Formally recognized as being of public utility in 1869, La Roche Posay became the first spa in Europe exclusively dedicated to skin disorders. The dermatological tradition at La Roche Posay spans five centuries and is based upon Selenium-rich spring water plus a unique store of knowledge and experience recognized the world over. And Napoleon, then General Bonaparte, on his return from Egypt at the beginning of the 19th century, had a thermal hospital built there to treat his soldiers’ skin diseases. Perhaps he marched from the thermal spring to Paris through this arch with his troops… than would have made an impressive photograph… had the camera been invented then!

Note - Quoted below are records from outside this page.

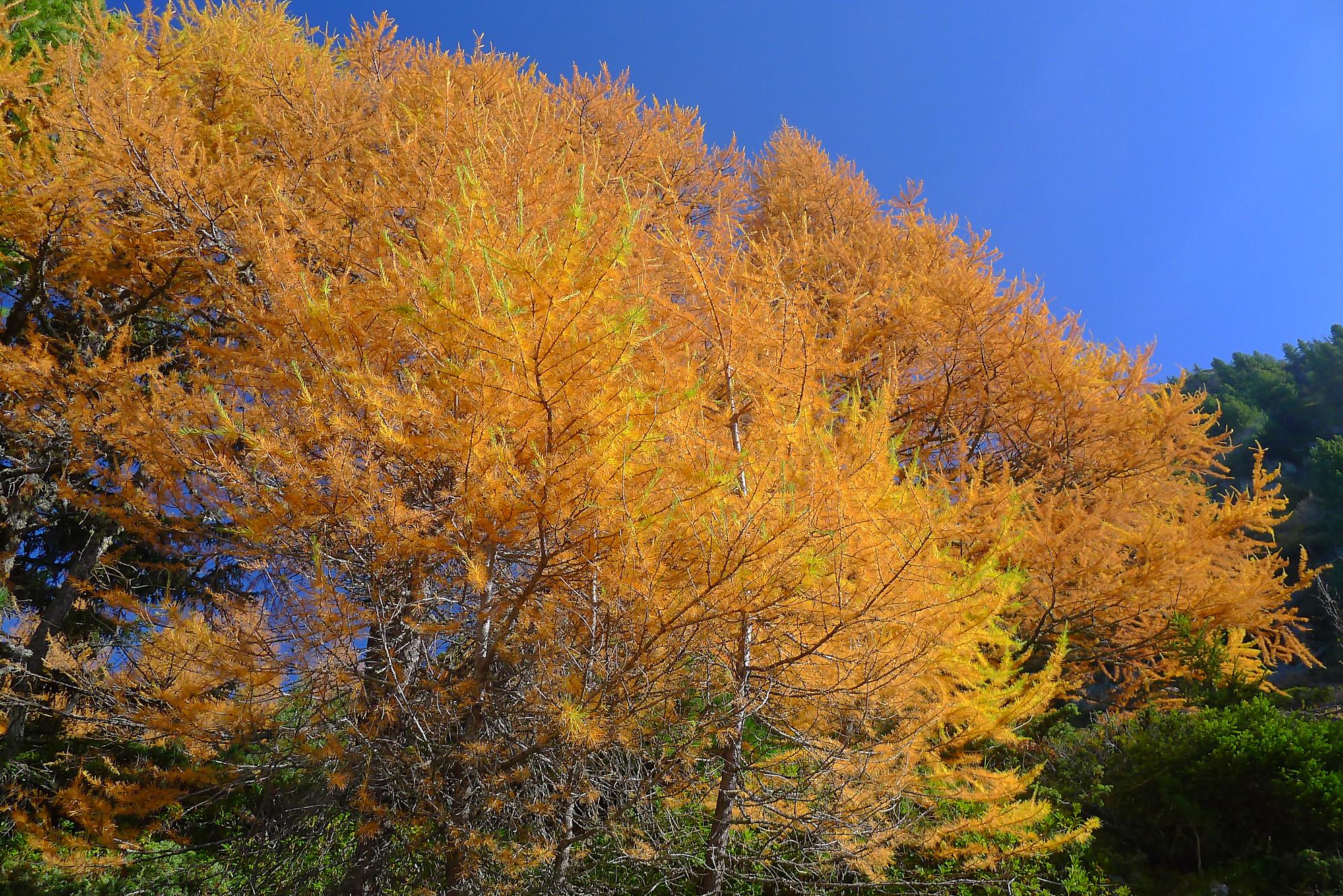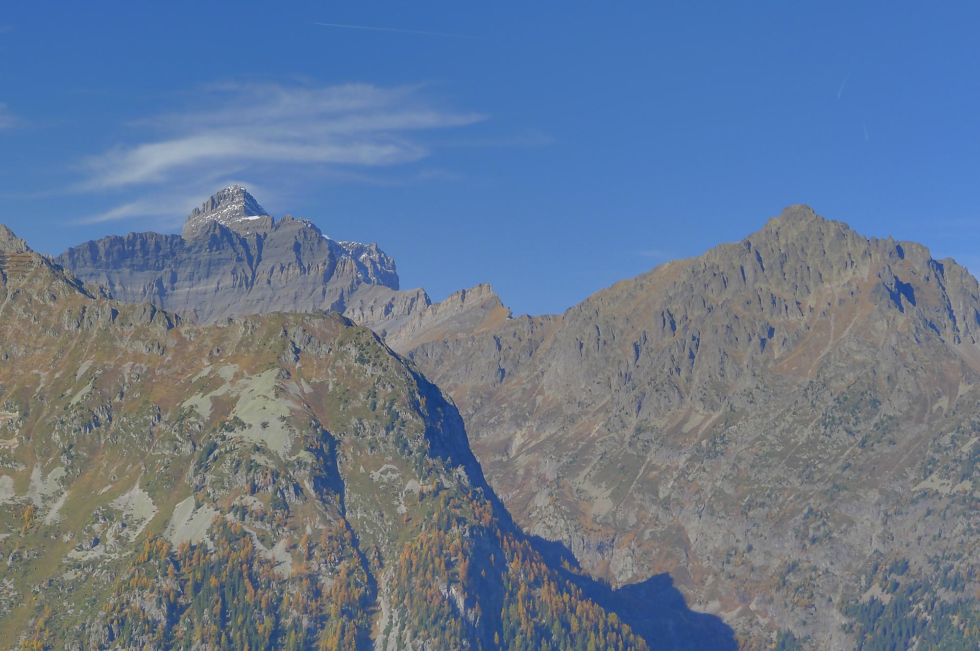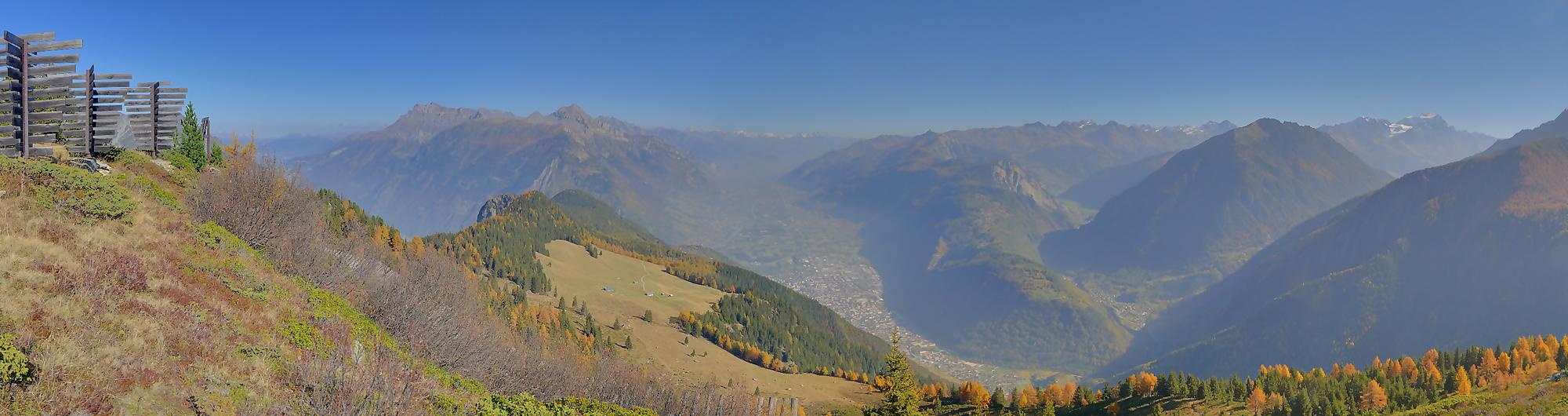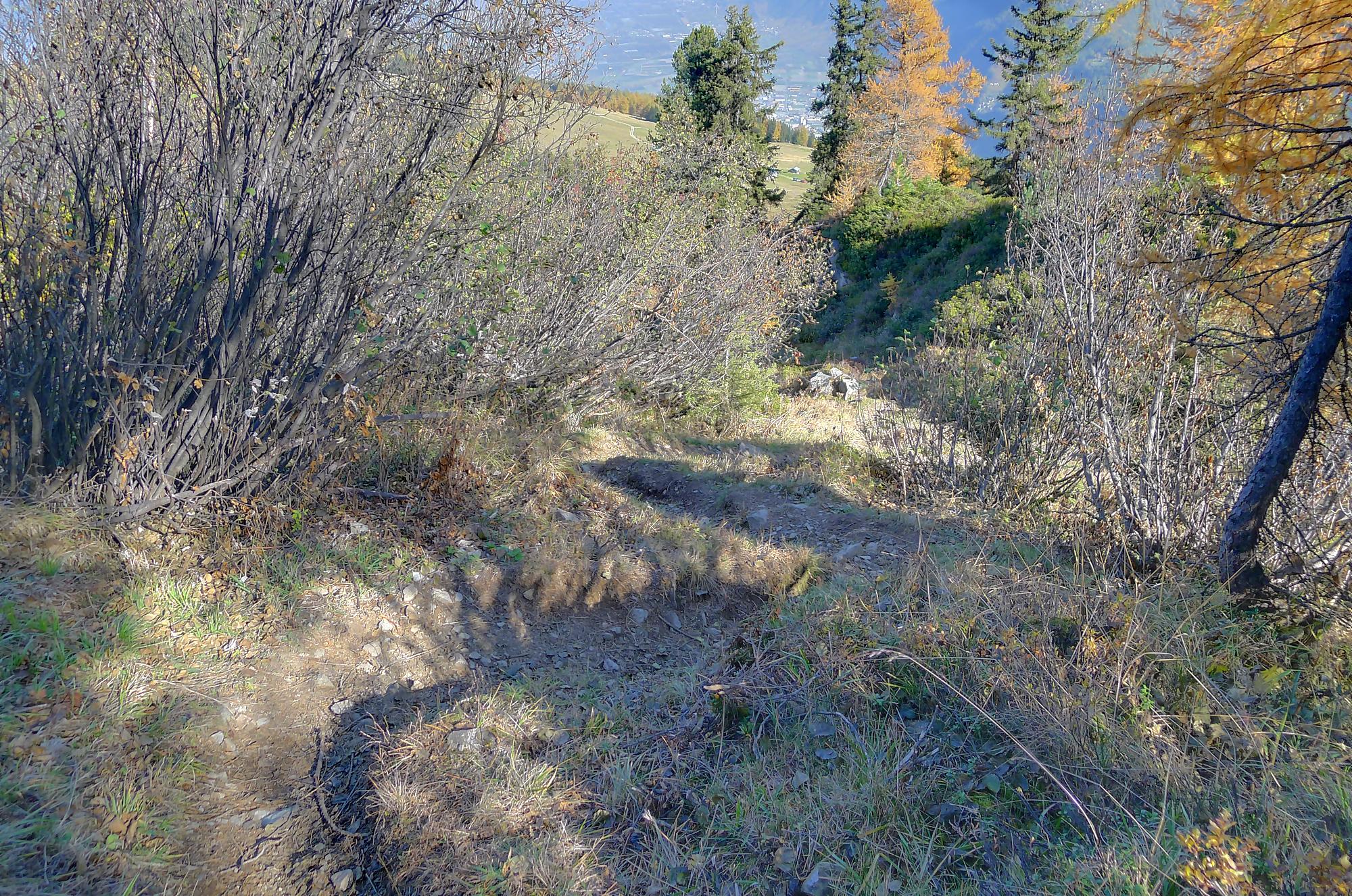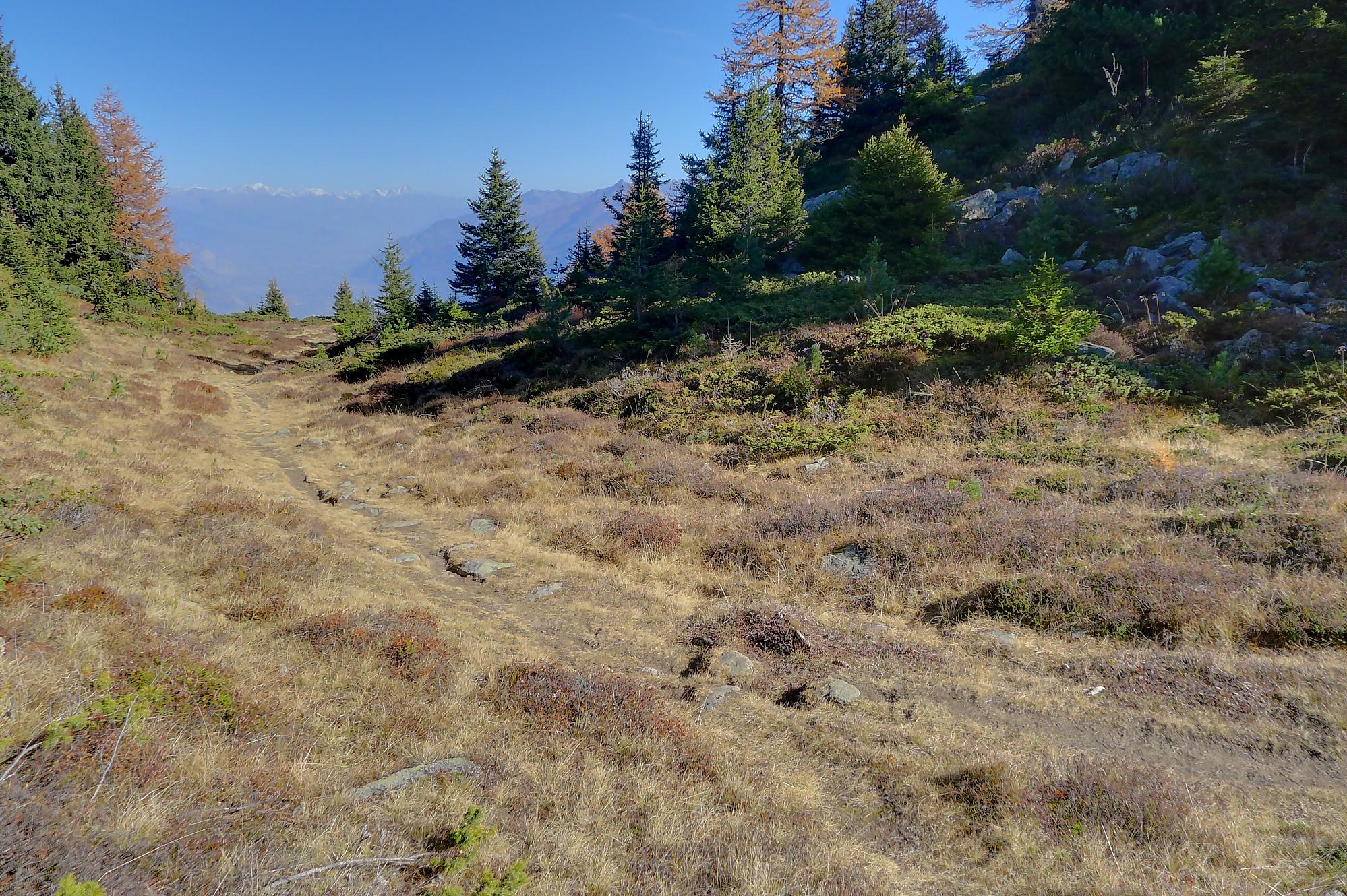 J’ai attendu sur le parking du restaurant de La Forclaz, que le soleil de l’automne arrive enfin. Puis je suis parti, montant dans la face SE par le chemin au-dessus de Sé de Meylan. J’aurai préféré le prendre à la descente, car plus doux, mais étant orienté E, j’ai préféré l’option soleil du matin. Le premier tiers est pentu, jusqu’à la fin de Sé de Meylan, mais les mélèzes en feu rendent les lieux extraordinaires, puis en sortant de la forêt (Le Larzey), l’épicéa et mélèze cèdent leur place aux génévriers et rhododendrons, ainsi qu’à quelques aroles. On passe près des paravalanches, une montée pentue, puis trouvons la crête où on arrive peu après au sommet. La commune de Martigny-Combe et le Tour du Mont-Blanc ont installé une bien jolie table d’orientation émaillée, peinte par une artiste. Le panorama s’ouvre sur la vallée du Rhône, Dent Blanche, Grand Combin et Mont-Blanc entre les arbres. Du côté de Trient la vue est bouchée par ces arbres, dommage.
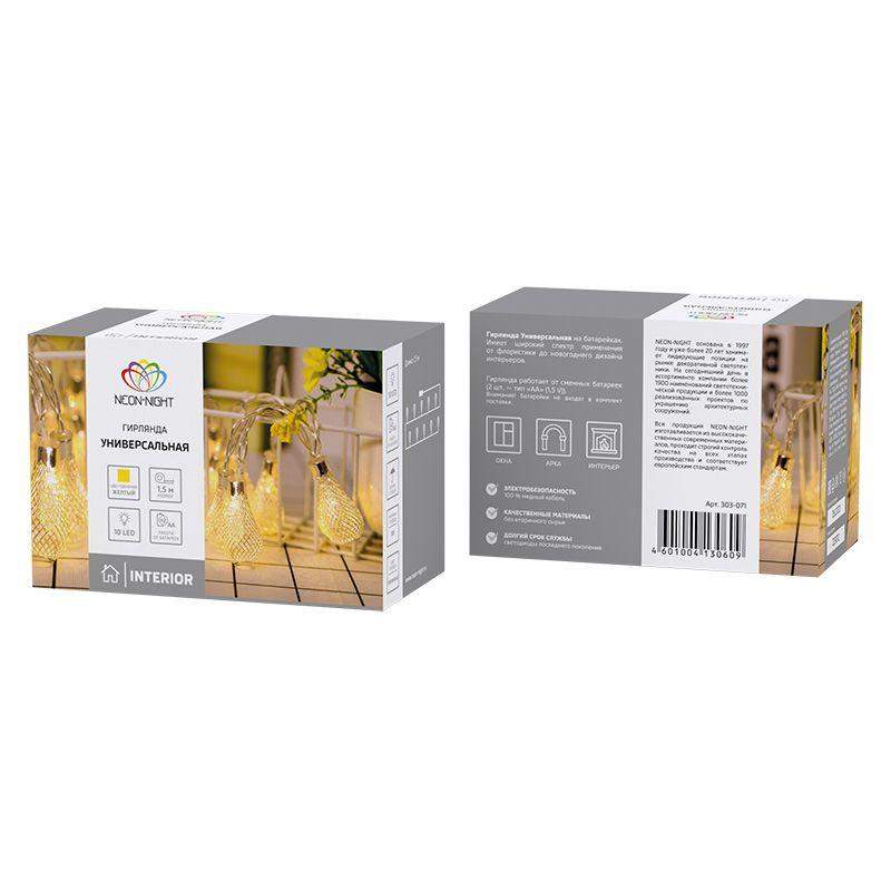 Гирлянда светодиодная "Восточные фонарики" 1.5м 10LED желт. 4Вт IP20 провод ПВХ прозр. элементы питания 2хAA (не в компл.) Neon-Night 303-071
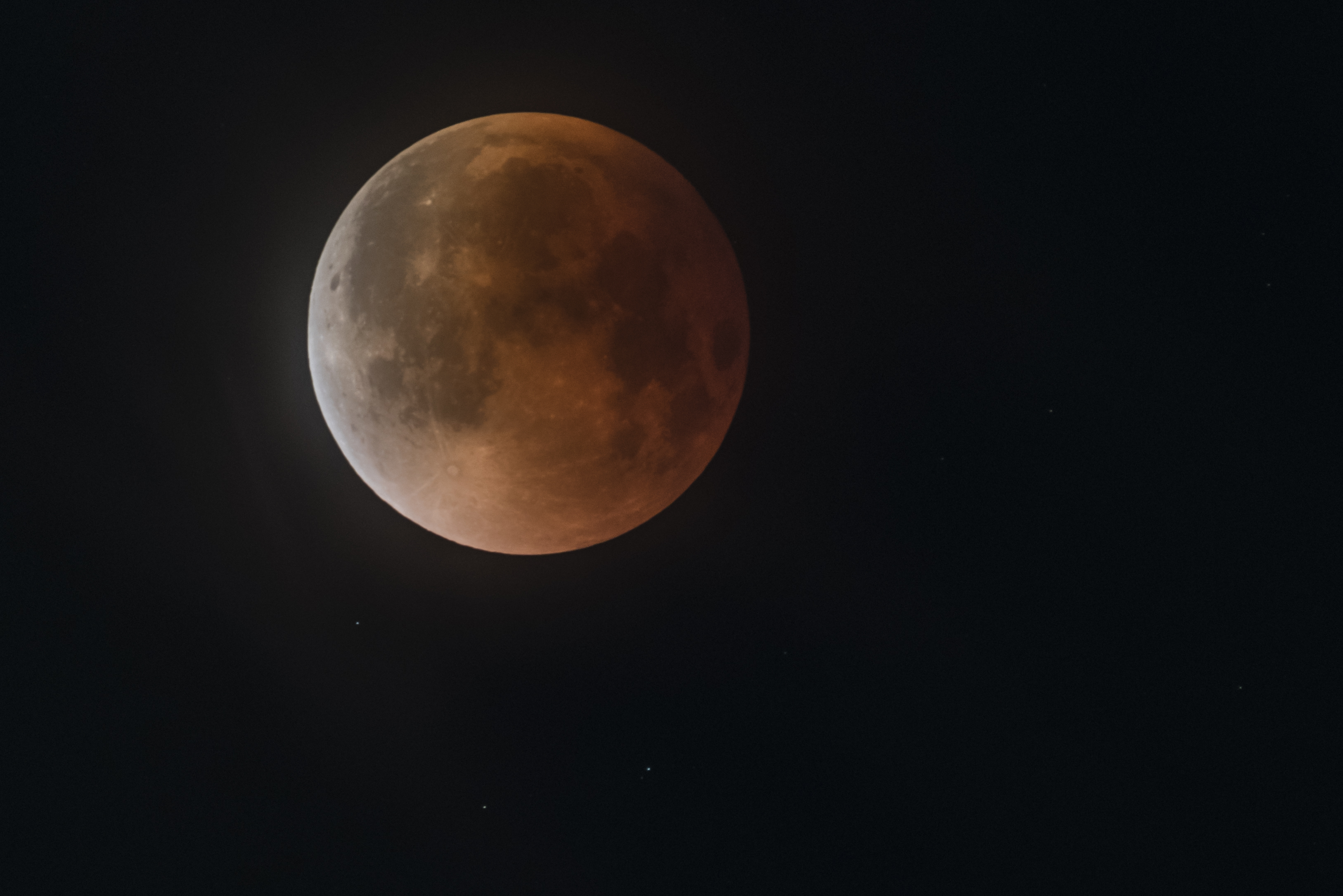 Am 7. September 2025 war eine totale Mondfinsternis zu sehen. Das Wetter war dieses Mal nicht besonders schön und oft war der Mond nur durch Wolken zu sehen. Das Foto zeigt den Mond kurz vor Ende der Totalität. Unterhalb des Mondes sind drei Sterne sichtbar.
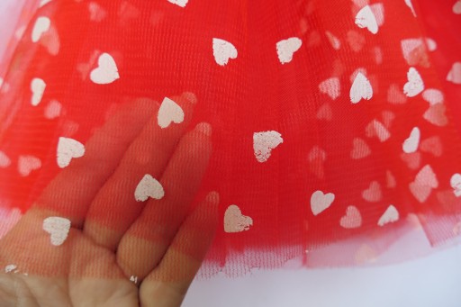 CZERWONA SPÓDNICZKA TIULOWA W BIAŁE SERDUSZKA
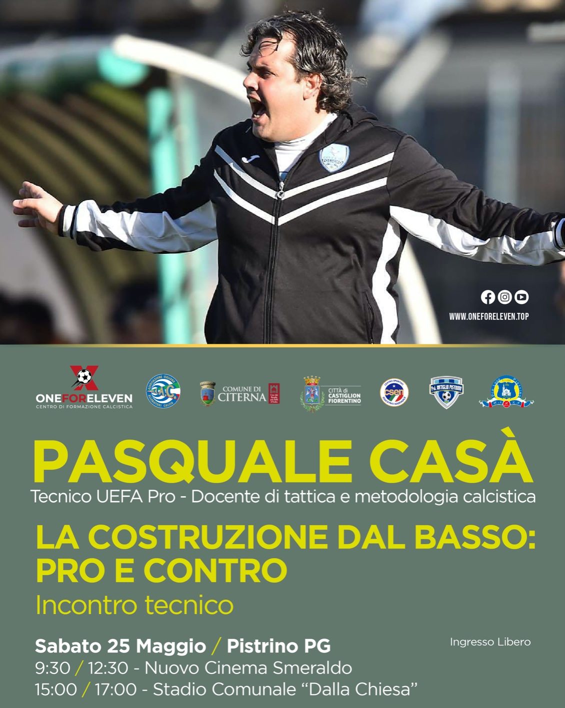 Proseguono gli incontri organizzati da One For Eleven l’attività creata da Maurizio Falcinelli che, iniziata qualche mese fa, è riuscita a portare in Valtiberina o Alto Tevere che dir si voglia, personaggi che nel mondo del calcio hanno fatto la storia. Queste volta, l’appuntamento sarà per sabato 25 maggio quando a Pistrino arriverà Pasquale Casà che si presenterà al Nuovo Cinema Smeraldo per poi recarsi nel pomeriggio allo Stadio dalla Chiesa.

So a lot has happened here and generations have passed through the portals… but the most I had to show for it on this visit was a couple of cars and cyclists… not even the usual milling crowds window-shopping with others sitting at café tables watching the world go by. In what context this image was used I have no idea… others of mine showing the famous spa buildings have been used several times around the world (although mostly for Polish and Russian publications). Maybe it was used alongside a spa image from another photographer? However, it was my second sale through Alamy and actually came within a couple of days of after my very first sale there… so I regarded the image subject as a gateway to success!
Licensed as Rights Managed by Alamy for reproduction in a weekly consumer magazine in the UK with a 500,000 print-run under my “a la France” pseudonym.
, wide angle
|Old corn mower, Wiltshire, UK. [Alamy image ref. AMM00P]
When I lived for a decade at the foot of the northern escarpment of Wiltshire’s desolate Salisbury Plain, there was not a week when I didn’t venture out across the minor roads crossing that expanse of mixed farmland and Army firing ranges.
There were large areas of a geological ground type known as “Greensand” in the locality which created specific problems for farmers. The green color of greensand is due to variable amounts of the mineral glauconite, an iron potassium silicate with very low weathering resistance; as a result, greensand tends to be weak and friable. It is a common ingredient as a source of potassium in organic gardening and farming fertilizers. The greensand found at the foot of Salisbury Plain is also very soft… which means that although farmers have a rich source of soil for their crops, it is difficult to harvest them because of the weight of modern harvesting machinery. As a result there were many small farms from the area roughly from West Lavington (just south of Devizes) through to, and beyond, Pewsey and Hungerford where it was quite normal to see traditional corn stooks in the fields at harvest time. Local farmers used traditional lightweight machinery to cut, bind and dry their crops for later threshing, rather than trying to drive a modern combine-harvester on the land at the risk of one sinking to it’s axles in the earth.
This image was licensed for three years for a half-page reproduction in an English “crafts” book with a 25,000 print-run under my “Farming Today” pseudonym.